Wetten wir mal ...: Letztlich ist die Volksabstimmung Nonsens. Sie findet unter Bedingungen statt, die die CDU geschaffen hat und nicht verändern will. Sie ist bewusst so strukturiert, dass auf jeden Fall die Befürworter von Stuttgart 21 gewinnen werden und die Gegner keiner Chance haben. Nicht nur die Parkschützer boykottieren deshalb zurecht die Volksabstimmung. Und hier im Büro wurde schon manche Flasche Sekt gewettet, dass der SPD-Minister (!) im Justizministerium keine Frage formulieren wird, die dem Widerstand eine Chance gibt. Das wird auch suggestiv auf Zustimmung zulaufen. Damit ist die Abstimmung nicht repräsentativ und rechtswidrig.

@Ich: Ausstieg politisch, nicht rechtlich: @Ich: Formaljuristisch haben Sie Recht. Ein Ausstiegsgesetz basierend auf einer Bevölkerungsmehrheit wäre nicht das Ende des Projekts im rechtlichen Sinne. Es wäre aber das politische Ende, weil selbst die Bahn AG nicht gegen eine Bevölkerungsmehrheit bauen würde. Aber so optimistisch bin ich noch nicht mal: da das Quorum verfehlt werden wird, wird es auch kein Ausstiegsgesetz geben, da ist die S21PD vor. Eine Bevölkerungsmehrheit für den Ausstieg hätte nur einen Effekt: sie würde den andauernden Widerstand nochmals legitimieren und stärken. Mir persönlich gehts aber mehr um die Verhinderung des Gegenteils: eine Bevölkerungsmehrheit für den Weiterbau wäre das Ende des Widerstands. Das gilt es zu verhindern. Aus meiner Sicht, natürlich nur, nicht aus Ihrer.

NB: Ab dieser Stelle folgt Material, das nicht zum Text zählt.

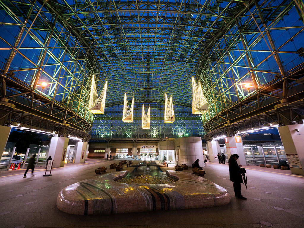 Первое время местные жители были несколько встревожены слишком современным дизайном входа на вокзал Канадзава. Деревянные колонны ручной работы и стеклянный купол в виде зонтика как бы сталкивались с традиционной архитектурой старого городского дворца (лучше всего сохранившегося во время войны), в котором в 2005 году разместился сам вокзал. Однако вскоре станция стала так популярна среди фотографов и туристов, что полюбилась и скептикам, вдруг увидевшим всю красоту постройки. Полюбовавшись центральным футуристическим входом, обогните вокзал и пройдите до его конца, где вы найдете фонтан, который к тому же еще и показывает время. Это Япония.
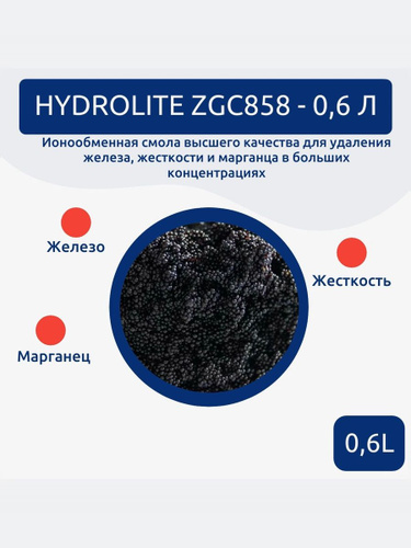 Ионообменная смола 0,6 л Hydrolite ZGC858 засыпка от железа и марганца, загрузка для корпуса фильтра 10SL

Die S-21-Gesundbeter verharren penetrant auf ihrem Dogma! >Inflexibel bis in den Abgrund.: Deshalb müssen wir Bürger dafür sorgen, dass diese Gesundbeter dieses 16 Jahre lang geplanten Schreckensbahnhof S-21 durch Demonstrationen weiter disqualifiziert und aussortiert werden. Sie sind es, die die Stuttgarter Bevölkerung im Zusammenleben nachhaltig beschädigen. Die in die Kellerbahnhofsidee verrannten Politiker von CDU, FDP und SPD haben bis heute nicht gemerkt, dass sie sich ins Abseits gestellt haben. Die Wahlen haben ihnen anscheinend noch nicht gereicht oder sind die finanziellen Vorteile, die sie genießen dürfen, zu attraktiv? Das trifft auch auf die Hilfschreiber der Bahn zu, die in ihrer Penetranz nur noch von den perversen SED-Propagandisten übertroffen werden. Die Wendehälse Jakotzi und Klortext haben früher jenseits der Mauer ihr Unwesen getrieben und setzen es nun auf CDU-Seite fort.